A method to facilitate decision making in water treatment plant management. Criteria for personnel management, process optimization, automation requirements, as well as activity control parameters, management systems and cost elimination are presented.

It focuses on aquifers and the basics of hydrological and hydrogeological management and planning, in order to present the joint, coordinated and integrated use of surface and groundwater resources, both at the public and private operator level.

Methodologies and techniques for the design of a supply network according to the conditions to which it will be exposed and according to the existing operation forecast, with an evaluation of the effects that both extensions and modifications will entail. The design and service regulations governing drinking water distribution networks will be presented. Finally, the necessary knowledge on which materials to use in these networks will be provided.

The physical parameters that describe the hydraulic behavior of supply networks are explained and the necessary knowledge to understand the operation of the main components of these networks is provided. Next, the minimum mathematical tools for network sizing are provided, and the most commonly used software for the design of new elements is also explained.

Knowledge will be acquired to achieve the best provision, operation and maintenance of the supply service and the relationship with the subscriber. The tools to identify and optimize the elements that determine the proper functioning of the network are also presented, and energy and hydraulic efficiency and energy savings in a drinking water distribution network are studied.

In this credit the knowledge related to asset management in a distribution network is presented, and the student is trained to discriminate the information involved in the decision making involved in this management. Concepts on the reliability of infrastructures, useful in the evaluation of their deterioration, are explained. Next, tools will be provided to enable students to design an optimal strategy for the maintenance, operation and renewal of assets. Finally, innovative solutions and technologies applicable to supply network asset management will be presented.

An overview of the efficiency of the supply network, followed by an in-depth study of the concepts involved, paying special attention to non-revenue water. It also describes the calculations of efficiency control ratios, which make it possible to diagnose the state of the network in terms of efficiency. The tools for designing the optimization plan for non-revenue water in the distribution system are also provided.

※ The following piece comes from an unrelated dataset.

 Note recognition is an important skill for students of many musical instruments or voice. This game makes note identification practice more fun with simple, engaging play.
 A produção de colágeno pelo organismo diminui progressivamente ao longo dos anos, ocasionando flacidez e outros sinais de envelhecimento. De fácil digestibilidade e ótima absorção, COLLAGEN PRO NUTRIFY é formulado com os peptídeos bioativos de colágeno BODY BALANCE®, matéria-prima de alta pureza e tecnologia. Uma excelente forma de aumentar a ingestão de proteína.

We address the characterization of the supply system, in order to subsequently identify the hazards identified and, from there, to be able to assess the health risk they pose. Students will be provided with the necessary knowledge to draw up a health risk prevention plan, and will also learn how to verify a prevention plan. Finally, they will also acquire the necessary skills to manage these plans using the ISO 22000 standard.

This credit aims to provide open and innovative knowledge on existing technologies and their applicability to supply networks. It analyzes the trends and knowledge of R+D+i applicable to the management of network infrastructures. In addition, it shows all those fields where improvements are possible with the increase of efficiencies and the improvement of processes through the implementation of technologies that may or may not be directly devised for drinking water distribution networks.